## Work order
What this exercise needs is every entry restated as written, with no pictures.

## Source data

[Start of section]

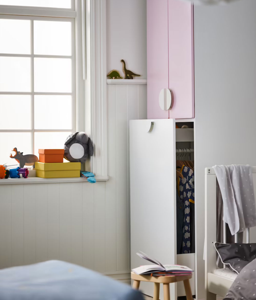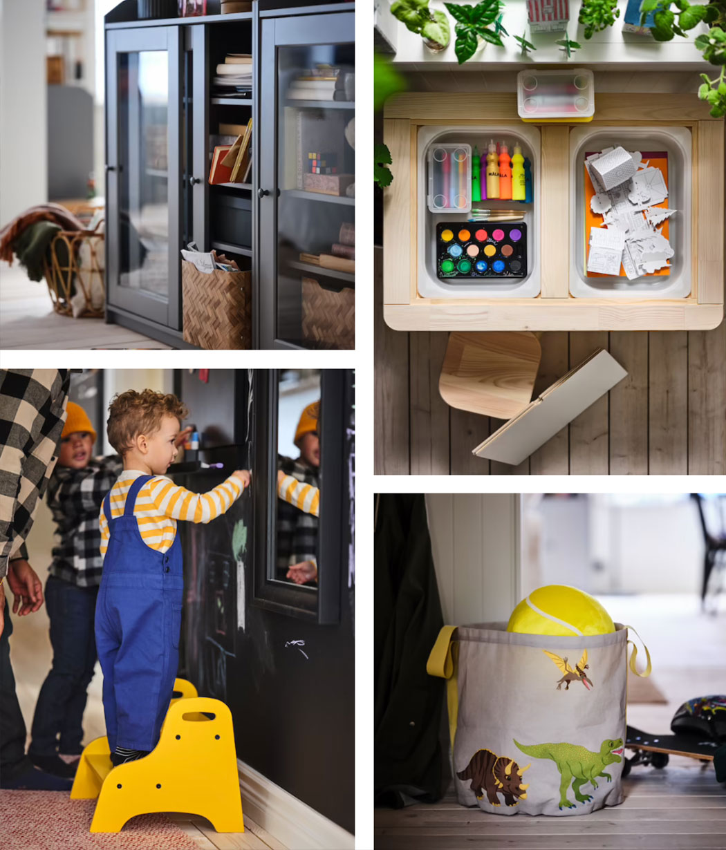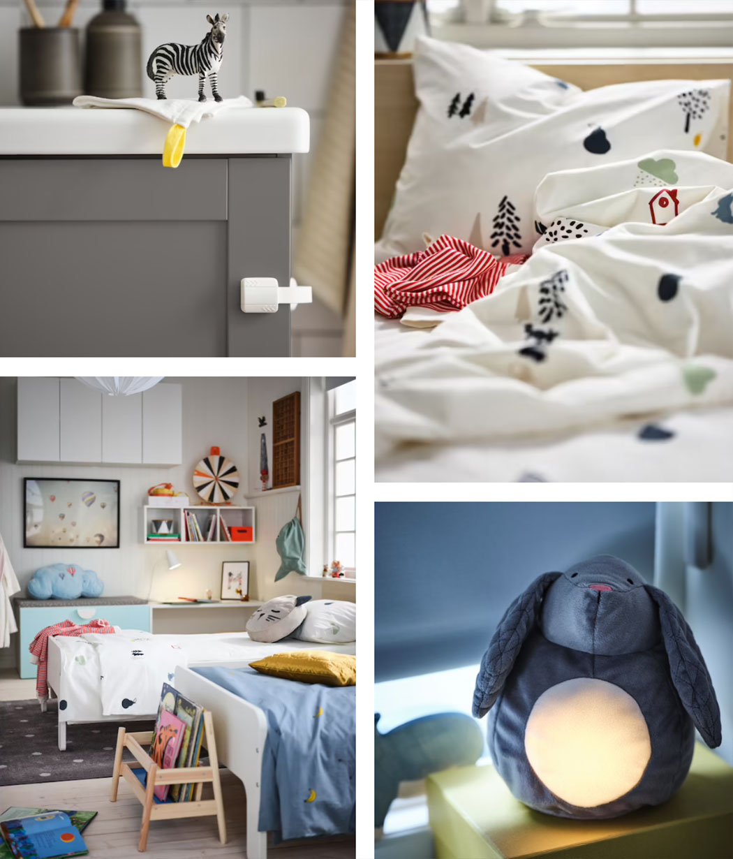 Keeping safety in mind is the most important part of living with children, according to Mia. In this home of three small children, she ensured that all large furniture and loose cables were secured to the wall. Safety latches were used to seal windows and to keep little fingers out of drawers and cabinets. “Parents can also feel secure knowing that all IKEA children’s products, like toys and bed linen, are thoroughly tested for safety and free of toxic chemicals,” Mia says.
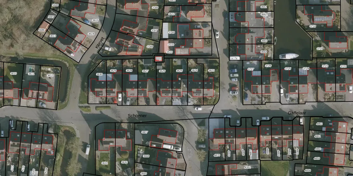 Het perceel waarop Schoener 62 staat heeft een oppervlakte van 238 m². Dit is een middelgroot perceel. De perceeloppervlakte wordt geregistreerd door het Kadaster. Gedetailleerde informatie over de maten van dit perceel kunt u vinden in het rapport Kadastrale kaart met maatvoering van Schoener 62.
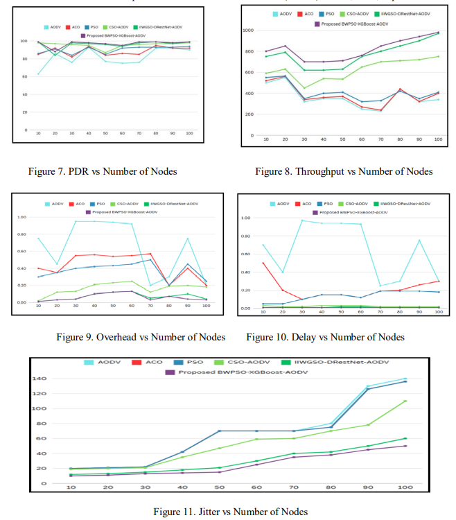 Figure 9 shows a significant reduction of 60% in routing overhead for the proposed protocol as compared to normal AODV and a 1% compared to IIWGSO-DRestNet-AODV. This reduction is related to the updated RREPLY mechanism, which finds optimized pathways more effectively. Other protocols such as ACO, PSO, and CSO-AODV have higher overhead than BWPSOXGBoost-AODV proving its advantage in lowering routing complexity. Figure 11 demonstrates that BWPSO-XGBoost-AODV has the lowest jitter value than the other protocols including ACO, PSO, CSO-AODV, IIWGSO-DRestNet-AODV, and conventional AODV, indicating its consistent packet transmission rates. However, Figure 10 shows that CSO-AODV has the shortest end-to-end time among all protocols.
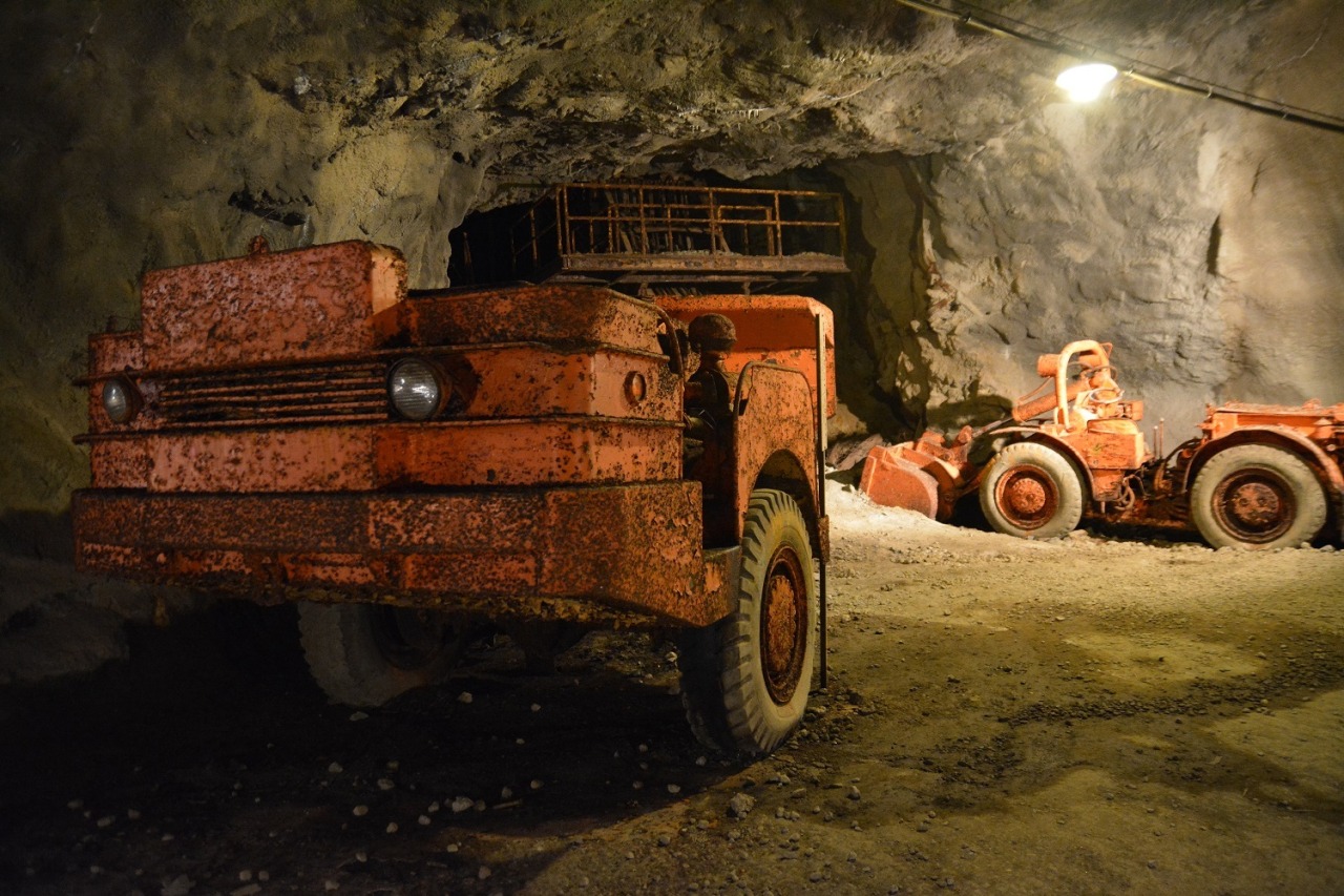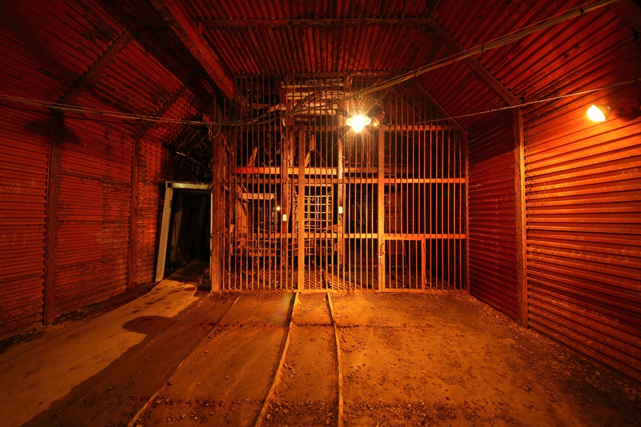 坑道内には、国内最大級の大きさを誇る電動削岩機や、鉱石を運んだトロッコのレールが今でもそのまま残されています。壁に残る当時のツルハシの跡がとても感動的です。
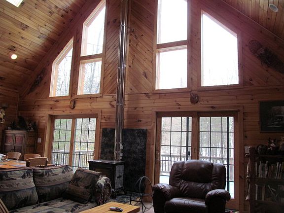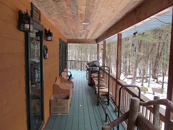 Custom built home with hickory cabinets and island, full appliance kitchen, locally mined granite counters and hearth, soapstone woodstove, living room has double sliders to go out to a large deck overlooking an all season trout brook, in floor hot water radiant heat, audio system, home theater, 3 bedrooms with master suite, jetted tub, large family room in finished basement, workshop/mechanical room, covered porch and deck, central vacuum, back up generator, walk to Siamese Ponds Wilderness area for endless ponds, streams and hiking, great rental income if one is looking to offset a mortgage $273,000.
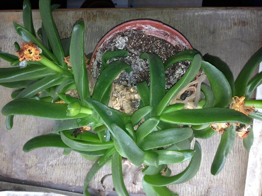 查到了,是番杏科舌叶花属的佛手掌Glottiphyllumuncatum http://baike.baidu.com/view/187391.htm |
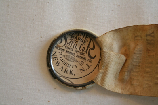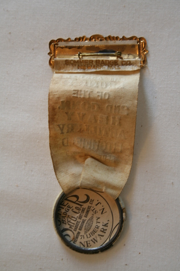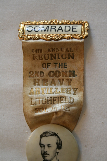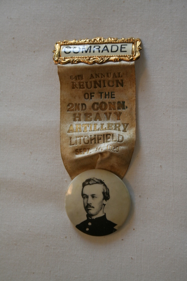 Rectangular pin with gold scrool border frame. In center of frame "COMRADE" printed in black on white enamel. White silk ribbon with gold lettering "64th Annual/Reunion/of the/2nd Conn./Heavy/Artillery/Litchfield/Sept. 11, 1929" Round button at bottom with picture of young man in uniform. Paper label on back of button "Sommer Badge Mfg. Co./Badges, Buttons,/Premium Ribbons, Banners, etc./71 Liberty St./Neward, NJ"

[End of section]

## Exercise solution
 Keeping safety in mind is the most important part of living with children, according to Mia. In this home of three small children, she ensured that all large furniture and loose cables were secured to the wall. Safety latches were used to seal windows and to keep little fingers out of drawers and cabinets. “Parents can also feel secure knowing that all IKEA children’s products, like toys and bed linen, are thoroughly tested for safety and free of toxic chemicals,” Mia says.
 Het perceel waarop Schoener 62 staat heeft een oppervlakte van 238 m². Dit is een middelgroot perceel. De perceeloppervlakte wordt geregistreerd door het Kadaster. Gedetailleerde informatie over de maten van dit perceel kunt u vinden in het rapport Kadastrale kaart met maatvoering van Schoener 62.
 Figure 9 shows a significant reduction of 60% in routing overhead for the proposed protocol as compared to normal AODV and a 1% compared to IIWGSO-DRestNet-AODV. This reduction is related to the updated RREPLY mechanism, which finds optimized pathways more effectively. Other protocols such as ACO, PSO, and CSO-AODV have higher overhead than BWPSOXGBoost-AODV proving its advantage in lowering routing complexity. Figure 11 demonstrates that BWPSO-XGBoost-AODV has the lowest jitter value than the other protocols including ACO, PSO, CSO-AODV, IIWGSO-DRestNet-AODV, and conventional AODV, indicating its consistent packet transmission rates. However, Figure 10 shows that CSO-AODV has the shortest end-to-end time among all protocols.
 坑道内には、国内最大級の大きさを誇る電動削岩機や、鉱石を運んだトロッコのレールが今でもそのまま残されています。壁に残る当時のツルハシの跡がとても感動的です。
 Custom built home with hickory cabinets and island, full appliance kitchen, locally mined granite counters and hearth, soapstone woodstove, living room has double sliders to go out to a large deck overlooking an all season trout brook, in floor hot water radiant heat, audio system, home theater, 3 bedrooms with master suite, jetted tub, large family room in finished basement, workshop/mechanical room, covered porch and deck, central vacuum, back up generator, walk to Siamese Ponds Wilderness area for endless ponds, streams and hiking, great rental income if one is looking to offset a mortgage $273,000.
 查到了,是番杏科舌叶花属的佛手掌Glottiphyllumuncatum http://baike.baidu.com/view/187391.htm |
 Rectangular pin with gold scrool border frame. In center of frame "COMRADE" printed in black on white enamel. White silk ribbon with gold lettering "64th Annual/Reunion/of the/2nd Conn./Heavy/Artillery/Litchfield/Sept. 11, 1929" Round button at bottom with picture of young man in uniform. Paper label on back of button "Sommer Badge Mfg. Co./Badges, Buttons,/Premium Ribbons, Banners, etc./71 Liberty St./Neward, NJ"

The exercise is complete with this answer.